During model development, 1 week lagged zika tweets were best correlated with weekly ZIKV cases. This is visually apparent during the major outbreak period in Florida, where a sharp rise in zika tweets appeared to precede ZIKV cases by 1 week. A possible explanation is that an inherent temporal difference exists between Twitter chatter and ZIKV diagnosis. For instance, it is plausible that discussion of ZIKV (potentially due to the presence of symptomatic or hospitalized family members or friends) predates actual diagnosis. In this case, a rise in zika tweets would predict a rise in ZIKV cases. Whether or not this temporal difference in zika tweets is truly reflecting chatter related to the impending rise in ZIKV cases, however, cannot be confirmed here.
It is worth noting that reports of the first locally acquired ZIKV in Florida corresponded with the sharp rise in zika tweets occurring in August. Therefore, an alternative explanation is that the initial sharp rise in zika tweets occurring in summer could reflect chatter related to the first few cases of locally acquired ZIKV, rather than the impending increase in total ZIKV cases that occurred the following week. This explanation, however, fails to explain the overall higher correlation between ZIKV case counts and 1 week lagged zika tweets over the entire study period.
The primary strength of these models is the use of readily available, real-time Twitter data to estimate ZIKV cases. Additionally, the use of 1 week old ZIKV case reports to generate a good estimate means reduced dependence on the timely publication of case reports by government agencies in order to track ZIKV and predict outbreak trends. Where states report case counts on a daily basis during an outbreak (e.G. Florida), estimates of the following week’s ZIKV case counts can similarly be updated on a real-time (daily) basis. This enables better epidemic preparedness by local and state public health agencies in charge of disease response.
A primary limitation of these models is the need for historical ZIKV case count information. This requires the government to continue monitoring and publishing case reports. Though such surveillance takes place in the U.S. and other industrialized nations, it does not take place in many developing countries. Furthermore, government data may not always be released in time to enable ZIKV case predictions. In such regions where quantitative case count data is not accurately and/or consistently reported, or potentially delayed, univariate analyses using only prior zika tweets demonstrated that Twitter data may still be useful for disease surveillance. This assumes that Twitter is used among the local population and that sufficient knowledge of the disease and disease activity exists among the population.
Also noteworthy, since these are statistical models that depend on previous case reports, they cannot be used to predict a ZIKV outbreak where no prior case reports exist. Additionally, given their dependence on historical trends, these models are limited in their ability to predict historically anomalous events that could give rise to dramatic changes in disease prevalence. To this end, mechanistic models that take into account meteorology, vector distribution, population distribution and movement would provide more insight. Also, a diagnosis issue related to the cross-reactivity of diagnostic assays with other arboviruses presents a unique challenge for ZIKV surveillance. This challenge exists with traditional surveillance methods and is still an issue using our modeling approach.

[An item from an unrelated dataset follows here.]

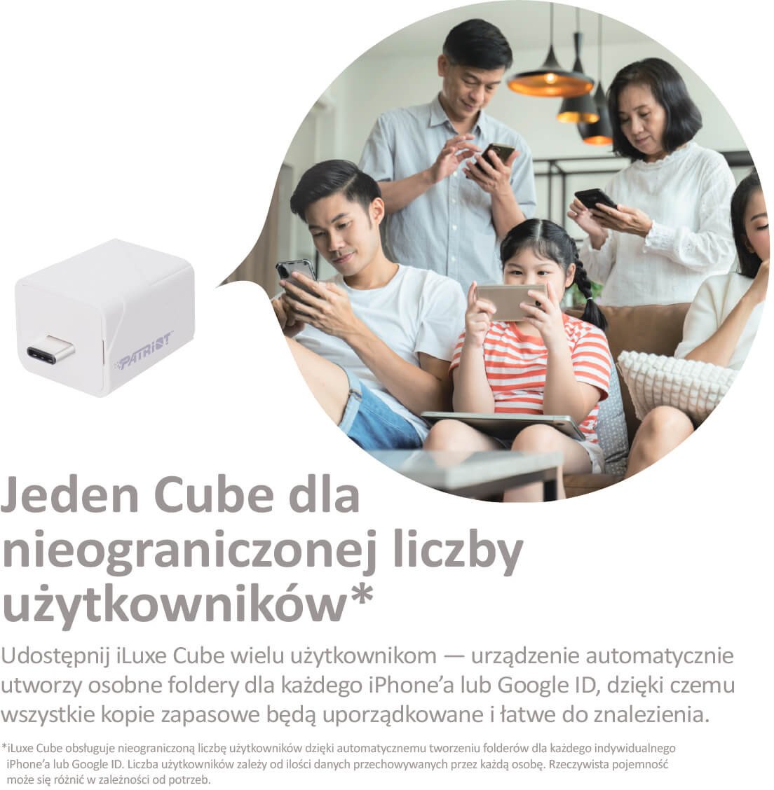 Jedno urządzenie może służyć całej rodzinie. iLuxe Cube automatycznie tworzy osobne, uporządkowane foldery dla każdego iPhone'a lub konta Google ID. Umożliwia to łatwe udostępnianie jednego urządzenia wielu osobom. Wszyscy użytkownicy mają swoje dane bezpiecznie przechowywane i łatwe do znalezienia.

Residuals plots for our models exhibited a departure from normality, with models tending to over-predict at low case count values and under-predict at high case counts. The models’ capability in predicting the full range of cases is compromised because of its over-prediction at extremely low values and under-prediction at extremely high values. Although this tendency toward extreme value prediction is quite common in statistical predictive models trained based on a limited number of measurement data, it nonetheless represents a limitation in this type of statistical modeling that needs to be acknowledged.
Importantly, this work presents predictive models designed with the goal of using covariates to forecast an outcome variable; namely, ZIKV cases. This is distinct from explanatory modeling, which seeks to understand the causal relationships between covariates and outcome variables [
63]. In this study, we do not pursue such causal inference. Therefore, while
zika tweets serve useful in predicting ZIKV cases, we do not make claims about the relationship between tweets and ZIKV cases.
Understanding why zika tweets correlate well with ZIKV case counts and therefore offer utility as a surveillance tool is an interesting question. It is possible that zika tweets are capturing tweets related to first-hand illness, or that such tweets are merely capturing ZIKV awareness, or a combination of both. While this is an area of active research, the lack of a complete understanding of this relationship does not prevent zika tweets from serving as a useful predictor variable in the development of ZIKV forecasting models.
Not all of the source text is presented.